Current Practice of Branched Chain Amino Acids Administration in Patients with Liver Cirrhosis: A Physician Survey
Correspondence Address :
Dr. Vaishali Bhargava,
Medical Advisor, Established Pharmaceuticals Divsion, Abbott India Limited,
Mumbai, Maharashtra, India.
E-mail: vaishali.b@abbott.com
Introduction: Protein Energy Malnutrition (PEM) is prevalent in about 65-90% of patients with liver disorders. PEM is usually associated with poor quality of life, high risk of complications, morbidity and mortality, and longer duration of hospital stays. PEM is also associated with decreased skeletal muscle mass and reduced levels of serum albumin and Branched Chain Amino Acids (BCAAs). Therefore, BCAAs are recommended as nutritional therapy in various liver disorders.
Aim: To understand the current practice of BCAA use in patients with liver cirrhosis in India.
Materials and Methods: A cross-sectional, questionnaire-based survey was conducted pan India involving 100 gastroenterologists over a period of four months from September 2019 to December 2019. Each physician participated in the survey after verbal consent. Ample time was given for completion of the questionnaires.
Results: Out of 83 participating physicians, nearly 3/4th considered liver cirrhosis as the most common Gastrointestinal (GI) disorder where nutrition is important in patient management. Malnutrition was commonly observed in patients with cirrhosis by nearly over 80% physicians and was most common in patients with decompensated cirrhosis. Weight loss and loss of appetite can be early signs of sarcopenia as these were common profiles observed in patients with malnutrition. Total 51.8% physicians considered BCAA administration in all Child-Pugh class patients. The practice of BCAA treatment with regards to its dose and duration highly varied for patients with cirrhosis, Hepatic Encephalopathy (HE), and Liver Transplantation (LT). Proteins from vegetarian source (50.6%) and BCAA supplementation (96.4%) were considered as major treatments for HE patients. Majority of the physicians reported that BCAA administration improved quality of life (52.4%), reduced HE episodes (49.4%), improved muscle mass (50%), and reduced hospitalisation rates (49.4%) in 20-40% of their patients. In all, 92.8% of physicians suggested that early administration of oral BCAA can prolong the waiting period for LT.
Conclusion: Branched Chain Amino Acids (BCAA) is an integral part of nutritional management in patients with liver cirrhosis in India. Further studies are required to guide the decision on dose and duration of BCAA treatment in the management of cirrhosis.
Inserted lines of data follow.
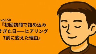 シリーズ①:Re:START NOTE|”止まりながら進む日々” vol.50『初回訪問で詰め込みすぎた日——ヒアリング7割に変えた理由』 話した“量”が、信頼の“質”を下げていた。 初回から機能説明と事例を山ほど並べ、相手の課題を取りこぼしたのは私だ。 社長として「短時間で価値を証明したい」という焦りが、デモと実績の洪水を生んだ。相手はうなずくが、次の約束は曖... 2025.09.05 okin_san シリーズ①:Re:START NOTE|”止まりながら進む日々”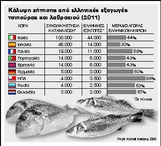 Μάλιστα από το σύνολο του πραγματοποιούμενου τζίρου το 50% αφορά τις εξαγωγές. Η χώρα μας κατέχει την πρώτη θέση στην παραγωγή ψαριών ιχθυοκαλλιέργειας στη Μεσόγειο.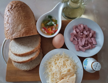 Как пожарить горячие бутерброды на сковороде с сыром и колбасой? Подготовьте ингредиенты по списку. По желанию набор используемых продуктов можно изменить. Сыр должен быть обязательно твердый, который плавится при нагреве, а сорт можно взять любой по вкусу. Колбасу также можно использовать любую по наличию и вкусу, вареную или полукопченую, подойдут даже молочные сосиски.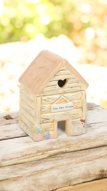 Alliez parfum et charme champêtre pastel avec ce brûleur à huile en céramique en forme de poulailler, orné d'une découpe en forme de cœur et d'une adorable pancarte « Le Poulailler »

Amino acid supplementation, Hepatic encephalopathy, Liver transplantation, Management
Nutrition is an integral part of human health. It also plays an important role in various clinical disorders. In particular, nutrition is critical to the management of various GI disorders (1). Considering the importance of nutrition in liver disorders, European Association for the Study of the Liver (EASL) guidelines were released in 2019, which provided insights on screening, assessment and principles of nutritional management. These guidelines provide recommendations for nutritional management in specific populations such as patients with HE or those undergoing LT (2). It is emphasised that malnutrition in the form of sarcopenia is observed in nearly 20-50% of patients with compensated and decompensated liver cirrhosis, respectively (3).
Malnutrition also affects the Quality of Life (QoL) in these patients (4). Thus, managing adequate nutritional requirements in liver cirrhosis is crucial. The EASL guidelines recommended use of BCAA and leucine-rich amino acids supplementation in patients with decompensated cirrhosis whose nitrogen intake is not adequately achieved with oral diet. Further, BCAA supplementation is recommended especially for patients with HE to improve neuropsychiatric performance (2). Additionally, sarcopenia is identified as a predictor of mortality in liver cirrhosis, and supplementation with BCAA improved the survival in sarcopenic cirrhotic patients (5). Evidence also indicates sarcopenia being a predictor of mortality in patients undergoing living donor LT (6). These data indicate the importance of nutritional management in patients with liver cirrhosis.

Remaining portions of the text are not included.